5.9 Additional Experiments

To validate the generalization of VLG, we conducted experiments on the commonly used UCF-101 and HMDB-51 datasets for few-shot tasks. We use the same data splits from STRM (Thatipelli et al., 2022).

It can be seen from the Tables 12 and 13 that despite using a relatively simple spatiotemporal information modeling module, our proposed method still achieves good performance on UCF-101 and HMDB-51 (VLG-L). It is also noted that on the HMDB51 dataset, the few-shot results are not very good when linear probe testing is not used. This could be due to the fact that most labels in HMDB51 are vague generalizations of actions (e.g., kick, push, throw), with relatively little visual commonality across HMDB51 videos, making it difficult to correspond to specific textual descriptions. The overly ambiguous labels in HMDB51 make it challenging to find well-matched textual descriptions on platforms like Wiki and WikiHow. Furthermore, there are hierarchical relationships between categories (e.g., "sword" v.s. "sword exercise"), causing a single description to correspond to two labels.

6 Conclusions and Future Work

Video recognition in an open and wild world is extremely difficult. Despite the fact that multiple video benchmarks and works have been developed to study video recognition in various scenarios, these separate investigations would ignore the possibility of knowledge sharing across settings, leading to inefficiency and impeding progress in video recognition as well as its application in the real world.

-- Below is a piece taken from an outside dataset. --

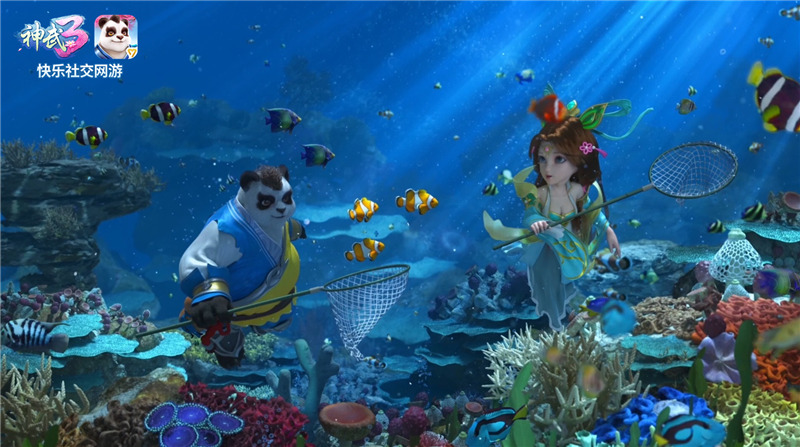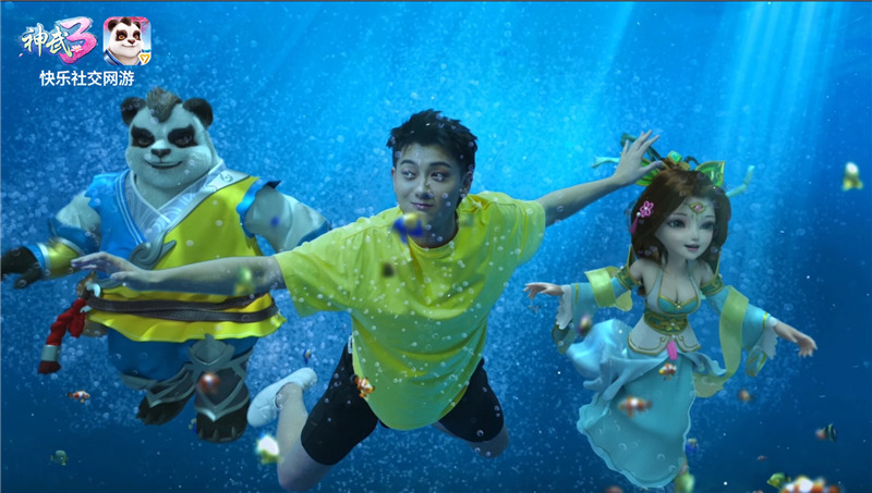 在海底,各式各样的鱼群五彩斑斓,白无忧、凌霜月持鱼网捕鱼,正是《神武3》手游最新推出的暑期全新“深海捕鱼”玩法。三人一行骑着坐骑“幻彩蘑灵”,一同畅游海底,乘浪而出,水花飞溅。随后,黄子韬邀请观众畅玩《神武3》暑期活动,绚丽的游戏内容视觉特效令人惊艳。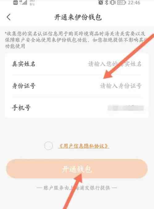 朂後瀭叺身(shen)份(fen)信息(xi),點擊开通钱包選項即(ji)可。

In this paper, we have studied the general video recognition (GVR) under four different settings: close-set, long-tail, few-shot and open-set. The GVR task enables us to examine the generalization ability of a video recognition model in real-world applications. To facilitate the research of GVR, we build comprehensive video benchmarks of Kinetics-GVR containing text descriptions for all action classes. Then, we propose a unified visual-linguistic framework (VLG) to accomplish the task of GVR. In particular, we present an effective two-stage training strategy to effectively adapt the image-text representation to video domain for GVR. Extensive results demonstrate that our VLG obtains the state-of-the-art performance under all settings on the Kinetics-GVR benchmark.

Although our VLG achieves superior performance on multiple general video recognition settings, it still needs a two-stage training paradigm and cannot be end-to-end trained. To tackle this, we can apply reinforcement learning with reward functions (Lin et al., 2022a; Meng et al., 2020) or gumbel-softmax tricks (Jang et al., 2016) to further improve the non-differentiable text selection parts. In addition, it might be difficult to crawl suitable descriptions of labels from Wiki or WikiHow for subtle actions, like "Put the glass on top of the table". Probably, it needs to participle phrases and crawl definitions from some dictionary websites as supplementary to improve the text descriptions. In summary, we hope the empirical findings and insights presented in this work could pave the way for future research on general video recognition which is still a nascent research topic.